The complexities of onboarding new customers are immense. It’s one thing if you are offering one product to one market. But the global opportunities for doing business mean that you often have multiple jurisdictions, products and risk scenarios to consider. Add on top of that different tools and numerous internal teams, the number of paths and permutations becomes an operational challenge.
Not only do the tools need to work together, but they also need to be:
- Quick
Slow, cumbersome processes will agitate customers and might lead to abandonment. With properly designed workflows, onboarding is relatively quick and encourages the customer. - Accurate
Information that is not collected, misassigned or neglected leads to bad outcomes, from missed opportunities to wasted time. Effective customer journey management helps ensure that everyone has the correct information to do their job. - Holistic
Without considered scenarios, automation can’t do its job, creating false positives or weak checks and balances. Workflows that are robust and adaptable enable the ability to refine processes to better match real-world inputs continually. - Scalable
More stakeholders, tools, markets and customer journeys can bog down processes. The ability to scale a quick, accurate and holistic customer journey orchestration solution will help future-proof your organization for continual customer growth.
Getting all your tools and services harmoniously working together is a powerful vision to serve your customers better, coordinate your people and deliver excellent sign-up experiences.
Risk-based automation workflows
Customer journey orchestration is about deploying a coherent risk-based approach. Every customer journey is different and poses a unique risk scenario that requires appropriate management controls.
To simplify the process, automation workflows:
- Take in data
- Perform checks and analysis
- Proceed to the appropriate next step of the journey
The critical concept is the appropriate next step; what workflow path will go next? This decisioning step is about taking in all the relevant information and branching to the correct path for that scenario.
Understanding all the different trust and risk signals and how they work together is fundamental to creating effective workflows. What tool or service is that information available from? How accurate is that information? What happens if the information is contradictory, vague or missing? Orchestration that doesn’t consider all the options is not fulfilling its mission.

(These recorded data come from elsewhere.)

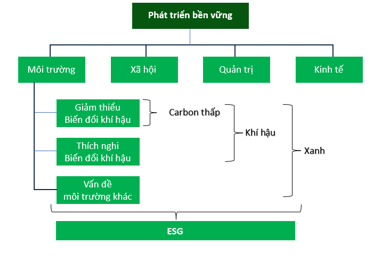 - Phát triển bền vững là khái niệm bao trùm nhất, gồm 04 trụ cột là môi trường (E), xã hội (S), quản trị (G) và kinh tế (E). Điều này phù hợp với quan điểm của Ủy ban Môi trường và Phát triển Thế giới (WCED, 1998):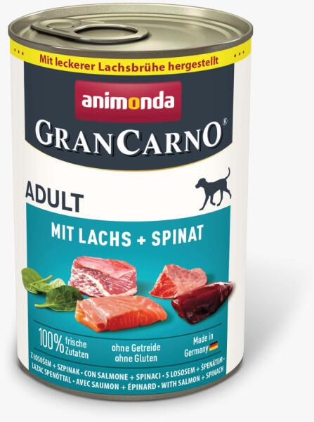 GranCarno® Adult lazaccal és spenóttal – a tökéletes választás felnőtt kutyája kiegyensúlyozott, ízletes és egészséges étrendjéhez! Ez a prémium kutyaeledel kifejezetten 1-6 éves kutyák számára lett kifejlesztve, és kielégíti szőrös barátja minden fontos táplálkozási szükségletét. A GranCarno® Adult lazaccal és spenóttal gondosan válogatott, friss alapanyagok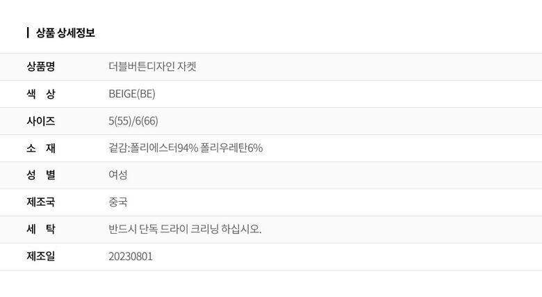 | 6. 세탁방법 및 취급시 주의사항 | 상세페이지 참조 |

That’s not to say there’s an optimum workflow. Instead, it’s about finding the right balance for your risk approach and organization. Measuring successful automation workflows is about finding the correct levels for:
- Safely speeding most customers through onboarding
- Detecting the majority of questionable activities
- Minimizing manual checks
Having automation deal with most journeys allows your organizational talent to focus on edge cases and understanding analytics to improve program performance.
Orchestrating onboarding workflows
Building onboarding workflows was traditionally in systems integration and custom coding. As each application needed its development efforts, costs and deployment time was considerable.
The surge in the use of APIs has made integration quicker and simpler. But dedicated development resources are still required for initial builds and continual improvement; building and optimizing customer journeys are ongoing as new requirements, fraud techniques, and operational feedback require refinement.
The next generation of customer journey orchestration is using no-code development tools. Instead of traditional hand-coded computer programming, this lets you create workflows through a graphical user interface (GUI) and configurations. It gives people with limited or no programming knowledge the ability to develop and refine complex operational workflows.
Instead of waiting for developers, your compliance, risk, and fraud experts can build and manage customer journeys. And as they are the experts in creating your risk management strategies, they can quickly devise and revise workflows that fit your needs.
No-code development speeds up the delivery of workflows and optimizes onboarding teams. You can build compliant, best-in-class flows for every process. And you can launch completely digital client onboarding flows in minutes, not months.
Customer journey orchestration tools will help you fine-tune your onboarding program by improving experiences, coordinating your risk-based approach, and increasing your opportunity to refine and optimize processes.